- Task prompt:
Exact copy, no pictures: return only the lines below from the line with "Детская мебель Лотос" up to and including the line with "如图1,在此项研究中,团队研".

- Input for this task:
%%

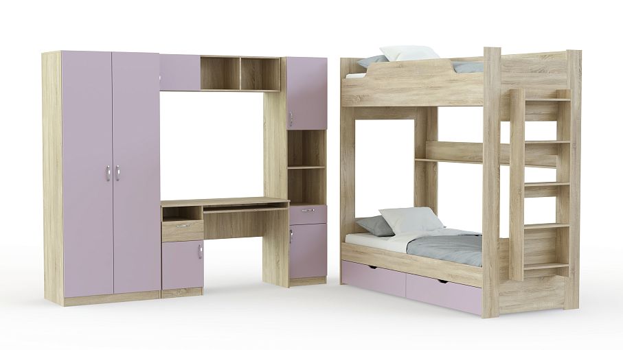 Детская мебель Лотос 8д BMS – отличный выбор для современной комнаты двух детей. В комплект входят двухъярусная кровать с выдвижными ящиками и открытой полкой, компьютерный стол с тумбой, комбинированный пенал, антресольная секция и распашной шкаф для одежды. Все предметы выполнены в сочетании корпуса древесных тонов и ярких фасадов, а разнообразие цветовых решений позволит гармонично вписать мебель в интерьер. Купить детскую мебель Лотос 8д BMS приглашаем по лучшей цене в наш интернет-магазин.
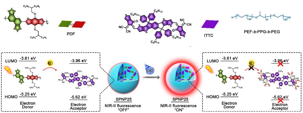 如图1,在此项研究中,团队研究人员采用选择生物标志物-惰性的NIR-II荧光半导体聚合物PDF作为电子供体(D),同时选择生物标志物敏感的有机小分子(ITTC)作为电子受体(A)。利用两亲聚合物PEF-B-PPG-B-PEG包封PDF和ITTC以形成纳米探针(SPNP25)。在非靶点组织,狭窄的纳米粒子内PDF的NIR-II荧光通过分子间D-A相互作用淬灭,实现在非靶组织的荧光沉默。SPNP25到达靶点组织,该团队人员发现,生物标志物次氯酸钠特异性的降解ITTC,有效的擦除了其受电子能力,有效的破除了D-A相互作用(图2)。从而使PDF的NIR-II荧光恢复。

%%
%%

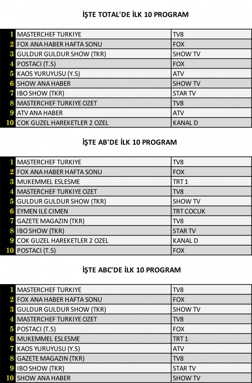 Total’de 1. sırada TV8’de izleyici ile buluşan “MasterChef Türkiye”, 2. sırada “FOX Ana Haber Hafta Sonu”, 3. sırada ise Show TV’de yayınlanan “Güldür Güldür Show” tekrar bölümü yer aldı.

%%
%%

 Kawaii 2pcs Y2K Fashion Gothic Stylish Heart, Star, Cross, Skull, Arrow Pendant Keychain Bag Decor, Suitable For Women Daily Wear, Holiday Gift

%%

- Reply:
 Детская мебель Лотос 8д BMS – отличный выбор для современной комнаты двух детей. В комплект входят двухъярусная кровать с выдвижными ящиками и открытой полкой, компьютерный стол с тумбой, комбинированный пенал, антресольная секция и распашной шкаф для одежды. Все предметы выполнены в сочетании корпуса древесных тонов и ярких фасадов, а разнообразие цветовых решений позволит гармонично вписать мебель в интерьер. Купить детскую мебель Лотос 8д BMS приглашаем по лучшей цене в наш интернет-магазин.
 如图1,在此项研究中,团队研究人员采用选择生物标志物-惰性的NIR-II荧光半导体聚合物PDF作为电子供体(D),同时选择生物标志物敏感的有机小分子(ITTC)作为电子受体(A)。利用两亲聚合物PEF-B-PPG-B-PEG包封PDF和ITTC以形成纳米探针(SPNP25)。在非靶点组织,狭窄的纳米粒子内PDF的NIR-II荧光通过分子间D-A相互作用淬灭,实现在非靶组织的荧光沉默。SPNP25到达靶点组织,该团队人员发现,生物标志物次氯酸钠特异性的降解ITTC,有效的擦除了其受电子能力,有效的破除了D-A相互作用(图2)。从而使PDF的NIR-II荧光恢复。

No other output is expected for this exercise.